Al principio fue un mero apercibimiento. Progresivamente se van imponiendo multas en una cuantía cada vez mayor.

Es el mensaje que están lanzando los jueces a los abogados que, de momento en un número irrelevante, introducen en sus escritos citas jurisprudenciales inventadas por inteligencia artificial, a la que recurren sin una comprobación posterior del resultado generado.

Las resoluciones judiciales son muy duras con esa práctica, que califican de "mala fe procesal" y de "traición a la confianza que deposita el cliente" en su letrado.

No obstante, las sanciones —que podrían llegar hasta los 6.000 euros— siguen siendo contenidas, especialmente si el abogado admite el error y pide disculpas. Esta actitud ha servido en algún caso para librarse de la multa.

El primer correctivo pecuniario ascendió a 420 euros y se impuso a un letrado canario. Fue el pasado febrero.
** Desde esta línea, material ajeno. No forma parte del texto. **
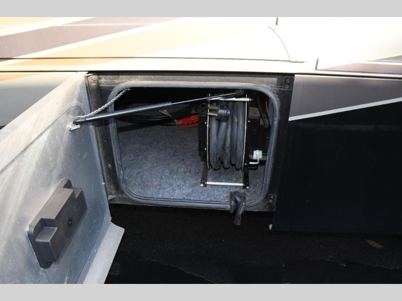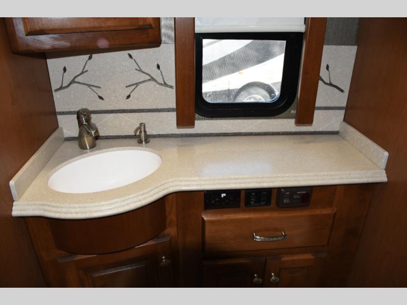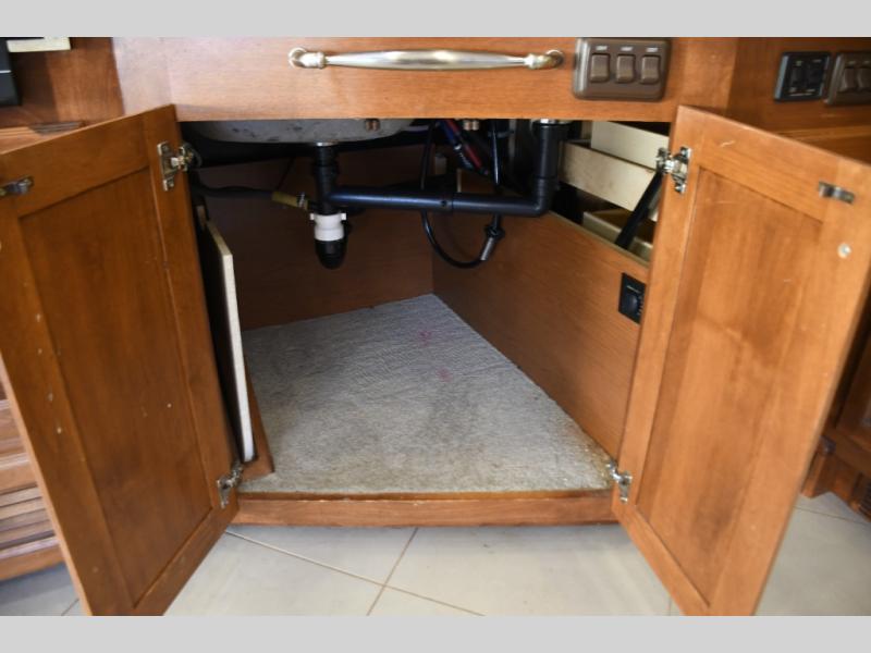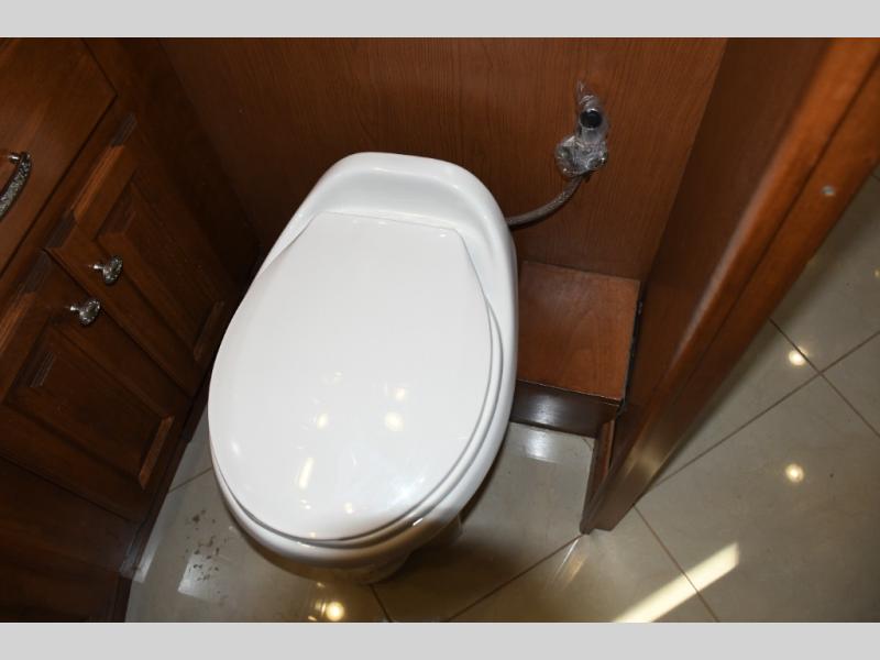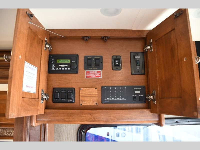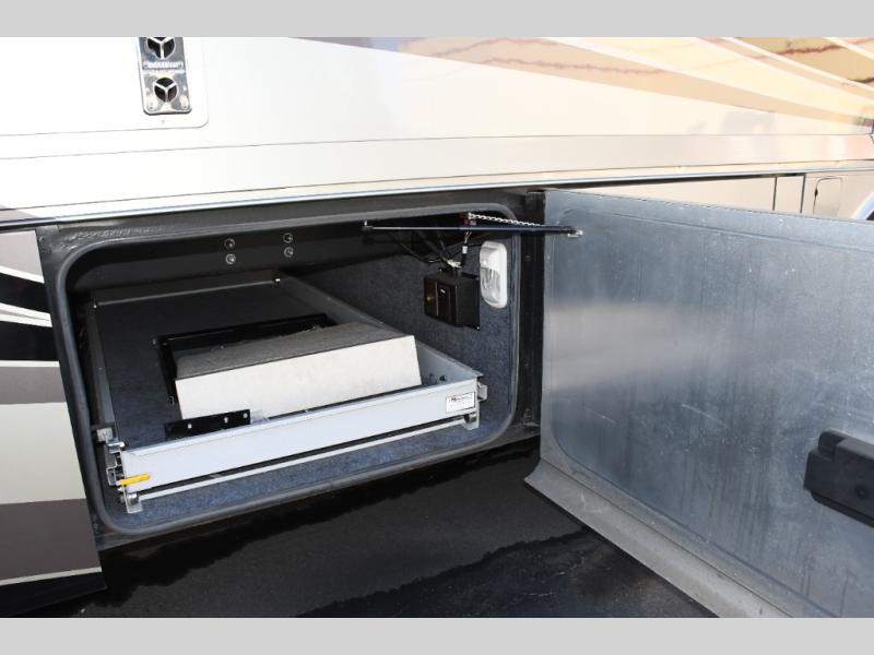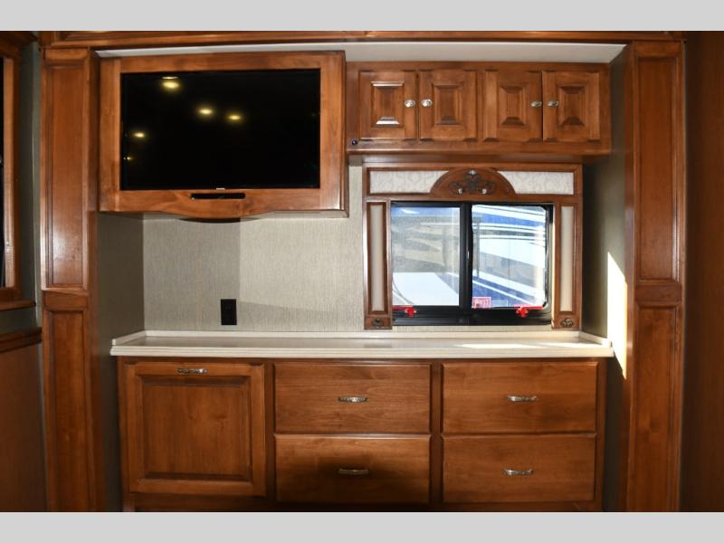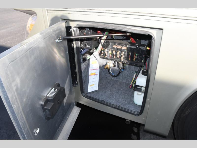 Inside, you’ll find a residential-style living area with ample seating, large panoramic windows, and well-appointed finishes that create a bright, inviting environment. The galley kitchen is equipped with quality appliances, generous counter space, and smart storage solutions for easy meal preparation on the road. The master suite offers privacy, a comfortable sleeping area, and abundant storage, while the bathroom provides full functionality with high-end fixtures and design.
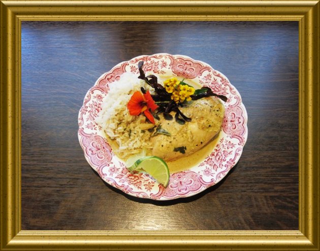 Dekoriert mit Limette, Eichblattsalat, Kapuzinerkresse und Lakritz-Pelagonienblüten

Cinco meses después se ha sancionado con 1.800 euros a un abogado gallego.

El Tribunal Constitucional marcó la pauta en una resolución dictada el 9 de septiembre de 2024, cuando impuso una medida de apercibimiento a un letrado de Barcelona que falseó en un recurso de amparo un total de 19 sentencias del propio TC.

El abogado en cuestión extractó párrafos falsos, que no se correspondían con las resoluciones que identificaba por su número y fecha.

La demanda fue inadmitida, el letrado apercibido y el Constitucional dio cuenta al Colegio de la Abogacía de Barcelona "a los efectos disciplinarios que correspondan".

El pasado 10 de febrero, el Tribunal Superior de Justicia de Canarias multó con 420 euros a un abogado por citar en un escrito 48 sentencias generadas por inteligencia artificial y que eran inexistentes o erróneas.

El TSJC le reprochó su actuación "contraria al deber de veracidad y a las reglas de la buena fe, con abuso del servicio público de la Justicia".

El 9 de julio, el mismo TSJ de Canarias sancionó a otro letrado, en esta ocasión con 840 euros.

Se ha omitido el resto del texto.